Exercise instructions:
Copy out all of the data word for word. Omit every picture.

Supplied material:
═══

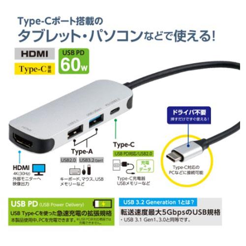 インターフェース ダウンストリーム(接続機器側):USB Type-A(USB3.2Gen1)メスx1、USB Type-C(USB2.0 Alt mode非対応)メスx1、USB Type-A(USB2.0)メスx1、HDMI(タイプA)メスx1
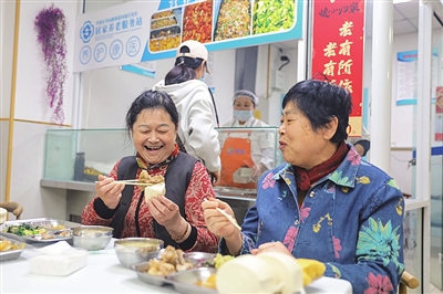 河南庄社区老年人在助老食堂用餐。
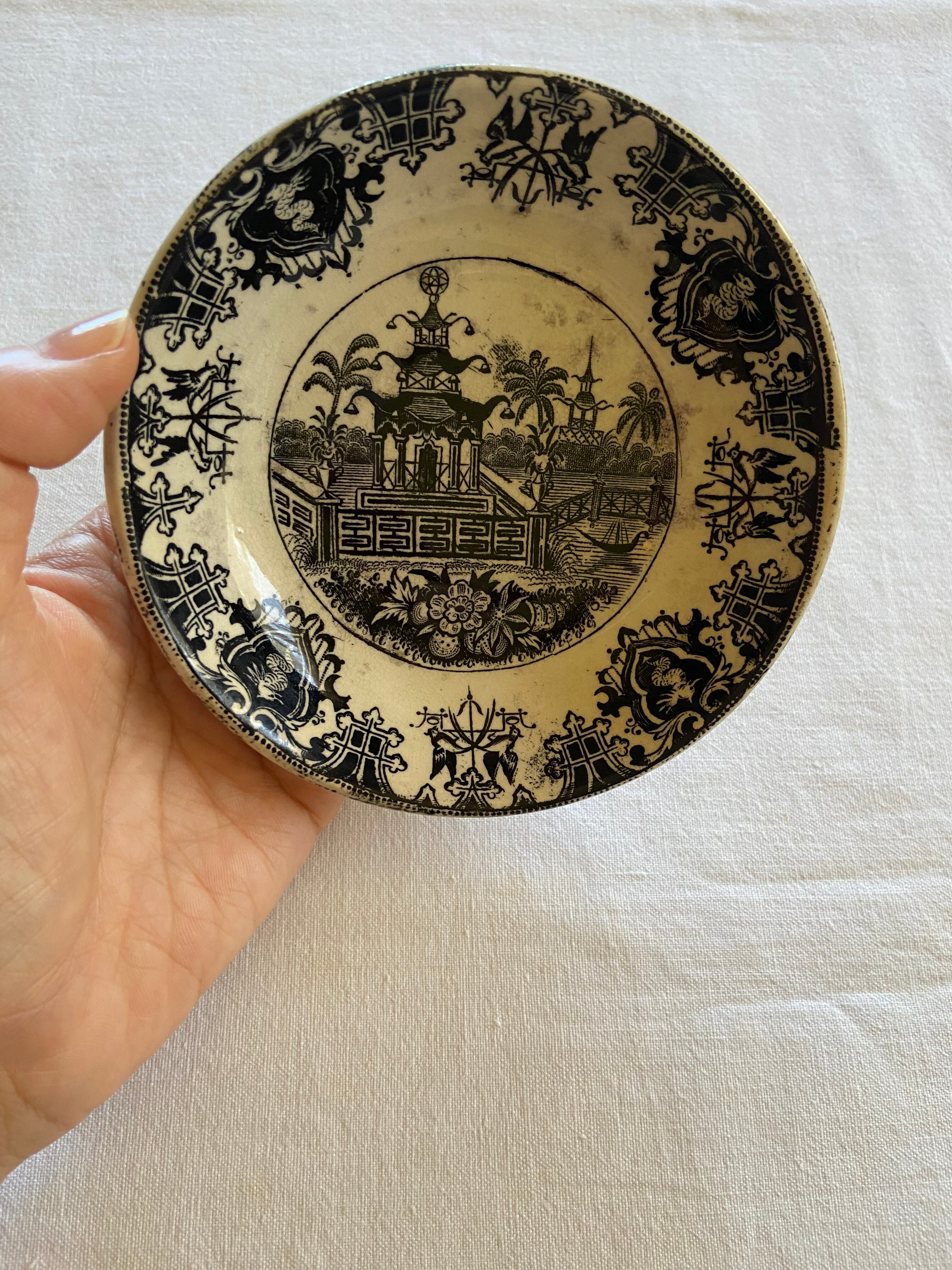 裏側のしみしみ具合がなんとも言えず愛着が湧く、sarregueminesのグリザイユプレートになります。
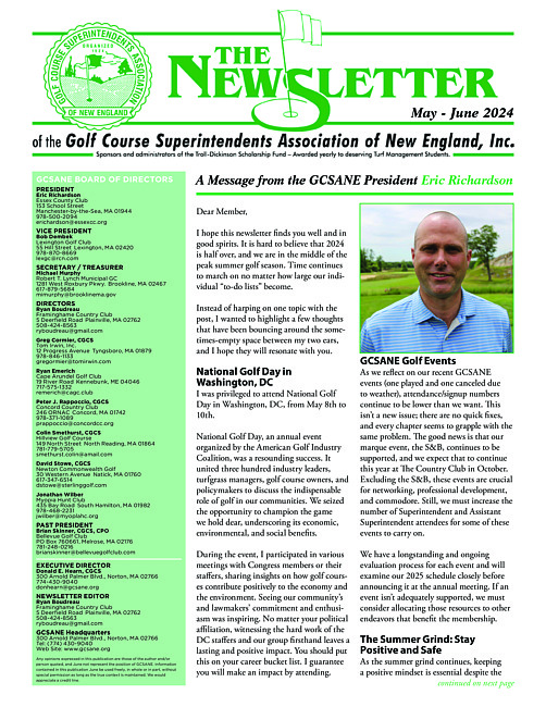 The newsletter of the Golf Course Superintendents Association of New England, Inc. (2024 May/June)
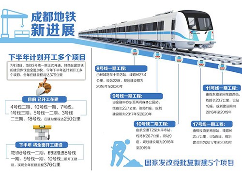 ??地鐵3號線一期7月31日正式開通,其他在建地鐵的建設(shè)步伐也全面加快,今年下半年還計(jì)劃開工多個項(xiàng)目,全年在建里程將達(dá)到376公里。
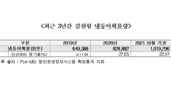 이에 코로나19 팬데믹 이전인 지난 2019년 연간 65여만톤 수준이었던 감천항의 냉동 어획 물량이 올해 1~10월 간 56.9% 증가한 101여만톤의 물동량을 처리한 것으로 나타났다.
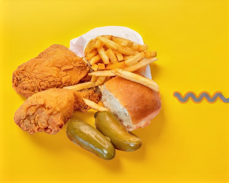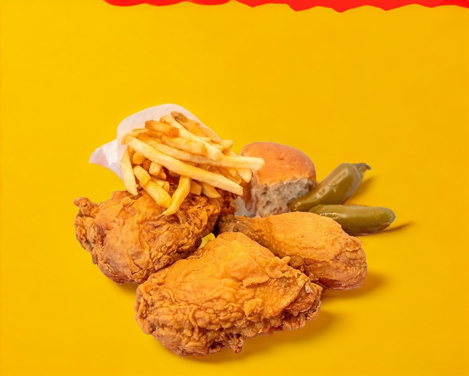 (Combo personal) de 4 Tiras de Pollo+ Pure de 6 onzas + Ensalada de Repollo de 6 onzas + Pan Suavecito+ Aderezo Ranch.
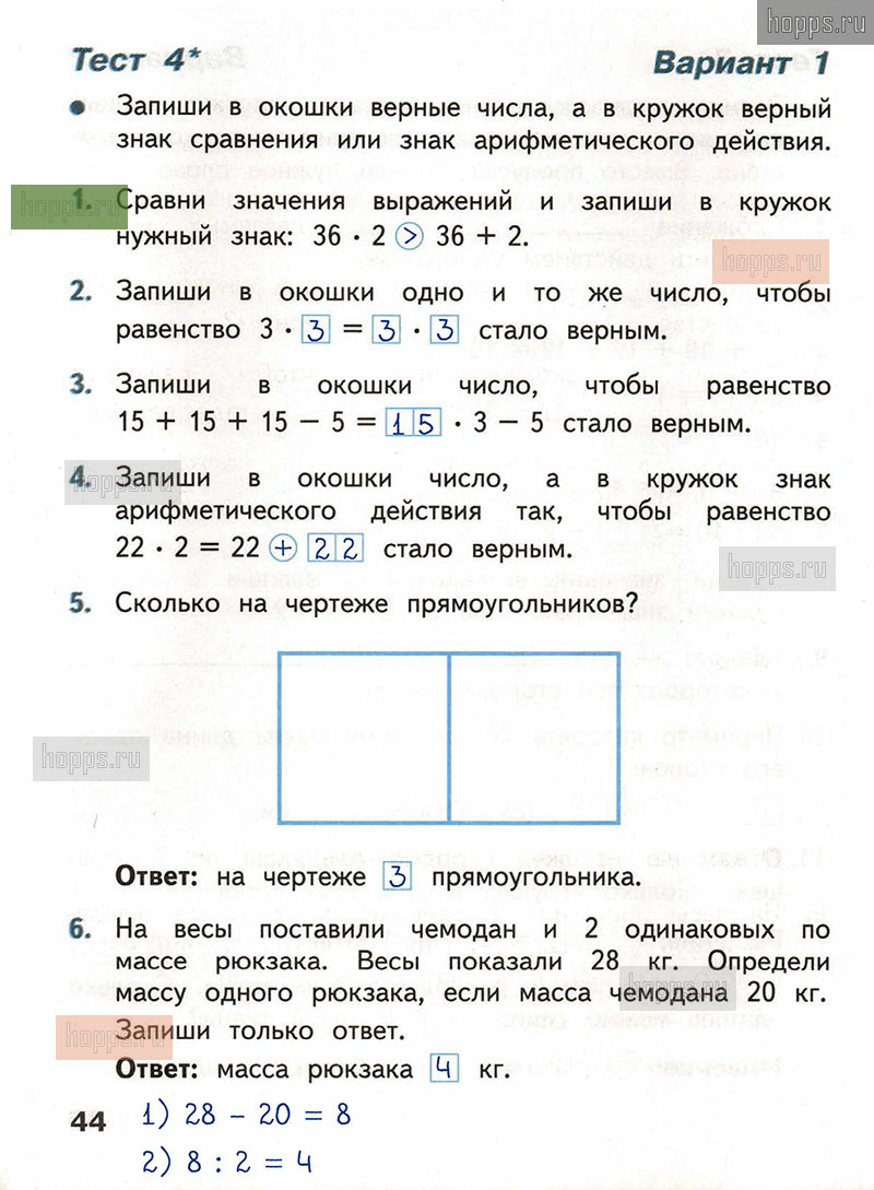 Подробные ответы к заданиям, расположенным на 44 странице тестов по математике автора С.И. Волкова для учащихся 2 класса.

═══

The completed task:
 インターフェース ダウンストリーム(接続機器側):USB Type-A(USB3.2Gen1)メスx1、USB Type-C(USB2.0 Alt mode非対応)メスx1、USB Type-A(USB2.0)メスx1、HDMI(タイプA)メスx1
 河南庄社区老年人在助老食堂用餐。
 裏側のしみしみ具合がなんとも言えず愛着が湧く、sarregueminesのグリザイユプレートになります。
 The newsletter of the Golf Course Superintendents Association of New England, Inc. (2024 May/June)
 ??地鐵3號線一期7月31日正式開通,其他在建地鐵的建設(shè)步伐也全面加快,今年下半年還計(jì)劃開工多個項(xiàng)目,全年在建里程將達(dá)到376公里。
 이에 코로나19 팬데믹 이전인 지난 2019년 연간 65여만톤 수준이었던 감천항의 냉동 어획 물량이 올해 1~10월 간 56.9% 증가한 101여만톤의 물동량을 처리한 것으로 나타났다.
 (Combo personal) de 4 Tiras de Pollo+ Pure de 6 onzas + Ensalada de Repollo de 6 onzas + Pan Suavecito+ Aderezo Ranch.
 Подробные ответы к заданиям, расположенным на 44 странице тестов по математике автора С.И. Волкова для учащихся 2 класса.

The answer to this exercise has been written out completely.